One way to start is with a local evening 10, many clubs run these from about mid-April through to mid August. Usually a couple of pounds to enter and you don't normally need to join the club to do your first one (if you are already a member of a CTT-affiliated club then you won't need to join the hosting club).

Or you can try an open event, it'll be a few pounds more and will probably take place on a Saturday afternoon (nice) or really early on a Sunday morning (at least you get the rest of the day free).

I didn't do any training before my first one- this has the advantage that when you do start training you make rapid progress. If you have an event targetted in, say, May you may want to start doing some harder efforts once or twice a week a few weeks before the event. You can be as low-tech or scientific with your training as you want, there's plenty of advice on the web.

Bet you won't be dead last.

Also look here: CTT


----------



## Noodley (24 Oct 2009)

CP

I asked a question in Training a few weeks ago and got some good advice 
I have not been able to do anything since I asked but as soon as I am fit again I shall be following some suggestions given.
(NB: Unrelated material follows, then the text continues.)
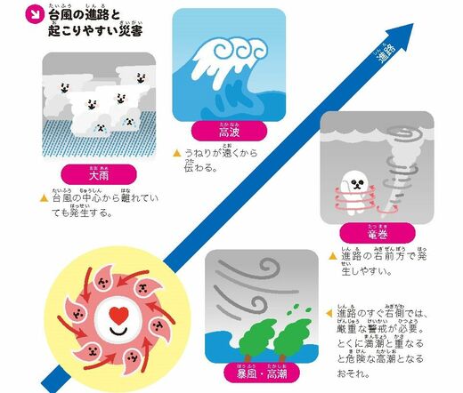 台風の進路と起こりやすい災害を知っておくことも備えになります。まず、台風が遠く離れていても影響するのは、海の波が高まる「高波」です。また、前線などの影響で台風が接近する前から大雨になることがあります。台風が近づいて雨雲がかかるようになると、進路の右前方で竜巻が発生しやすくなります。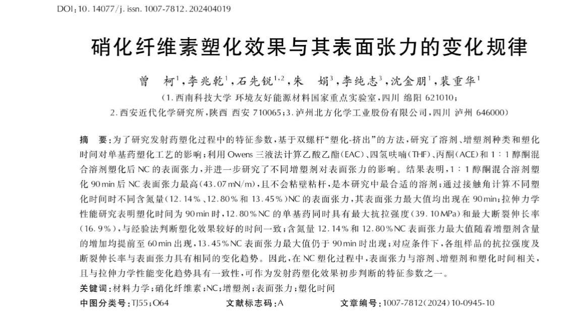 硝化纖維素塑化效果與其表面張力的變化規(guī)律

I fancy giving it a go as well next year.


----------



## addictfreak (24 Oct 2009)

I have been toying with the same idea CP. I was initially worried about coming last, but my mate (he holds the course record) assures me that i'll be ok.
Im quite lucky as theres a TT takes place a couple of miles from me house every Wednesday evening (light nights only). So come the summer I will be there.


----------



## Ian H (24 Oct 2009)

Unlike road-racing it's something you can merely dabble in and still get satisfying results - by beating your 'PB' (personal best) etc. Of course if you want to beat the competition then you have to be more serious about it.


----------



## aJohnson (24 Oct 2009)

I was thinking of trying tt next year. Doubt I'll do very well because I'm very skinny so not really built for it, but it's always fun to try.


----------



## Dayvo (24 Oct 2009)

Noodley said:


> CP
> 
> *I asked a question in Training *a few weeks ago and got some good advice
> I have not been able to do anything since I asked but as soon as I am *fit *again I shall be following some suggestions given.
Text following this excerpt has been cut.